Jonas found something called HRV, short for "heart rate variability." In a healthy, fit person, the interval between heartbeats varies a lot — high HRV — because it is acutely responsive to changing signals from the brain. Decades of research on the connection between the heart and the brain have produced the finding that, when chronically stressed, the heart becomes less responsive to the brain, leading to low HRV. Jonas decided to track his HRV in order to detect his stress, hoping to catch stress before it turned into a "brain freeze." To measure HRV, you use a chest strap or other sensor worn on the skin. So Jonas modified an old HRV device to beep whenever it detected his HRV decreasing (indicating that stress was increasing).
He began to notice patterns: email set off the beep generally, and emails from certain people really set it off. Soon, he could predict when the beeps would come. This gave him time to try an intervention to reduce the stress: a breathing exercise. With the increased self-awareness that his just-in-time beeps provided, Jonas began to experience fewer brain freezes. As a bonus, his self-tracking revealed that on days when he heeded these just-in-time triggers, he finished his workday with energy left over.
Now's a great time to get into neurohacking
Self-tracking and self-experimentation — the core of neurohacking — are easier to do now than they have been at any other time in history. We have smartphones with apps that can log your data automatically. We have free spreadsheet tools to document our experiments. You can order many tests and interventions from the comfort of your own home. Even if you prefer pencil and paper for tracking, you can still find online communities in which to get tips and troubleshoot. Doctors are more open to self-tracking than they were a decade ago, when I first began the research for this book. That means that you can (and should!) share your findings with your doctor as you track yourself and run your self-experiments. You can provide data that can help them personalize their care for you.
Case study #3: clearing brain fog
In the late summer of 2014, Mark Drangsholt, a clinician-scientist and triathlete, gave a talk at a Quantified Self conference. He explained that he had complained to his doctor that he was suffering from brain fog — periods when he couldn't remember words, forgot key information, and couldn't concentrate. Because brain fog can have many causes and because Drangsholt seemed generally healthy, the doctor was unsure how to help.
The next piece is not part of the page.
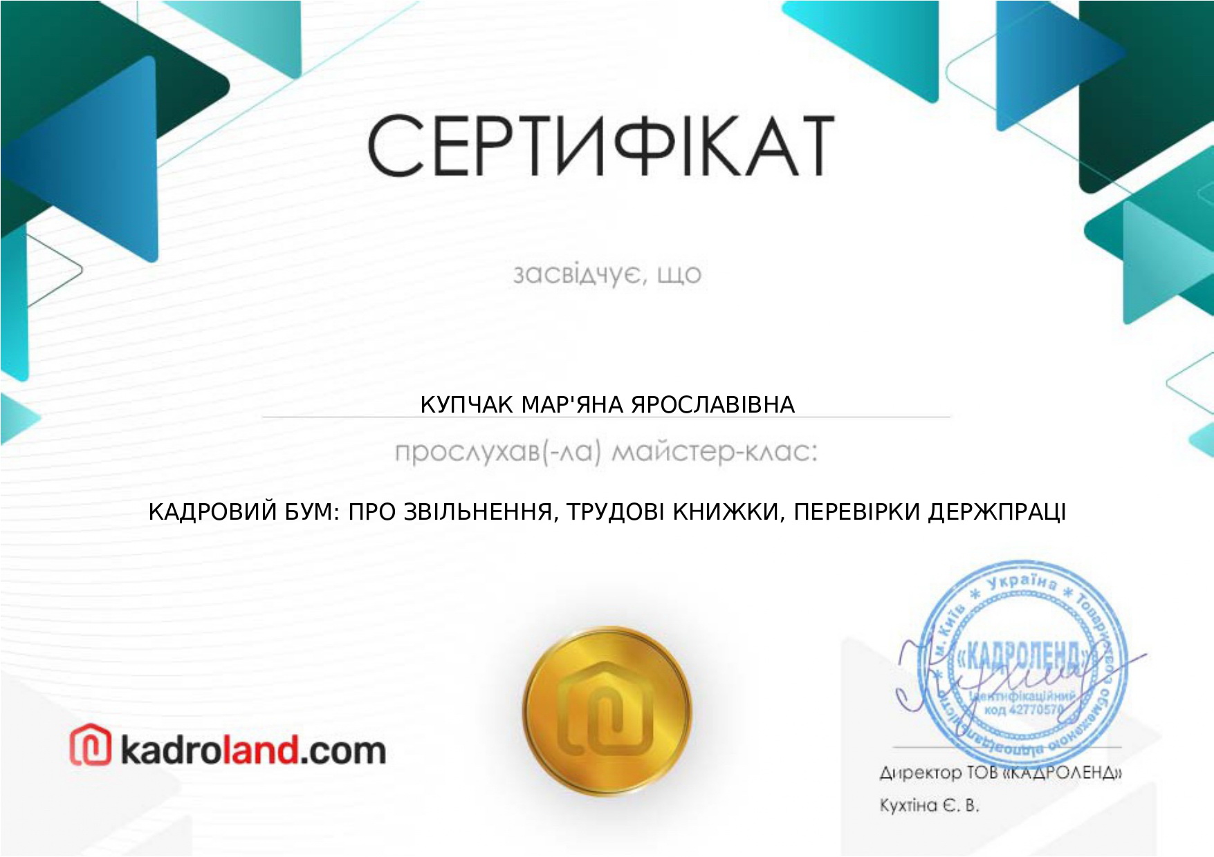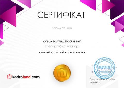 - Онлайн-курси на кадровій освітній платформі: Кадрова Відеоплатформі №1 ([email protected]): «Великий Кадровий Online-cемінар», що відбувся 25 червня 2020;

Drangsholt decided to take matters into his own hands; he gathered genetic, blood, and cognitive test data from consumer companies. Armed with this array of data, he returned to his doctor. Together, they were able to pinpoint the likely cause of his bouts of brain fog: narrowing in small blood vessels in a key area of his brain. The doctor prescribed a statin that lowered his cholesterol levels; Drangsholt's brain fog went away.
Would Drangsholt or his doctor say everyone with brain fog should take a statin? Almost certainly not. Drangsholt's self-tracking, however, helped support a much more personalized form of medicine. Knowledge through self-experimentation is power; Drangsholt's self-knowledge gave him the power to finally dispel his brain fog.